Let $a$, $b$, $x$ and $y$ be integers such that $$a^x-b^y=(ab)^{x-y}.\tag{1}$$ The case $ab=0$ is mostly a matter of conventions and some cumbersome casework. So I'll assume that $a$ and $b$ are nonzero. First I'll cover a few special cases:
Special case 1: If $x=y$ then $(a,b,x,y)$ is either $$(2,-2,-1,-1)\qquad\text{ or }\qquad (a,a-1,1,1),$$ for some integer $a$.
Proof. If $x=y$ then $(1)$ simplifies to $$a^x-b^x=(ab)^{x-x}=(ab)^0=1.$$ Clearly $x=0$ does not yield any solutions.

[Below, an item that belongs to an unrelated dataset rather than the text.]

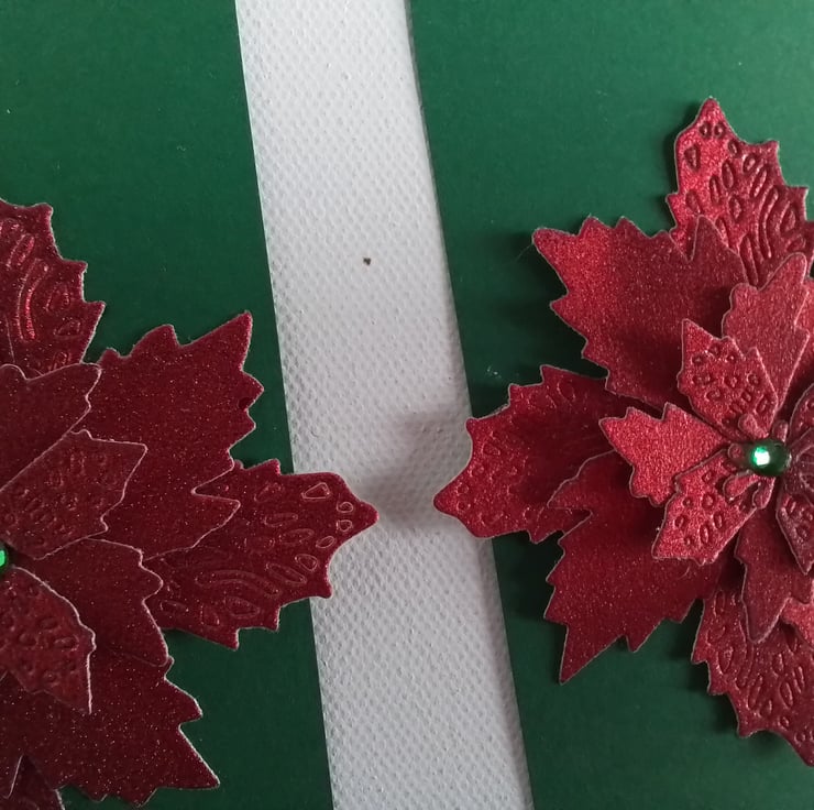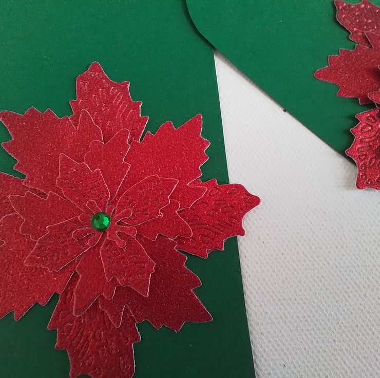 Each is in a deep green with a red, shiny poinsettia with a green bead in the centre.

Two nonzero perfect powers cannot differ by $1$, so we see that $x\leq1$. If $x=1$ then $b=a-1$ yields a solution $(a,b,x,y)=(a,a-1,1,1)$. If $x<0$ then we can clear denominators and rearrange to get $$(a^{-x}-1)(b^{-x}+1)=-1.$$ Because $ab\neq0$ it follows that $a^{-x}=2$ and $b^{-x}=-2$, yielding the solution $(a,b,x,y)=(2,-2,-1,-1)$.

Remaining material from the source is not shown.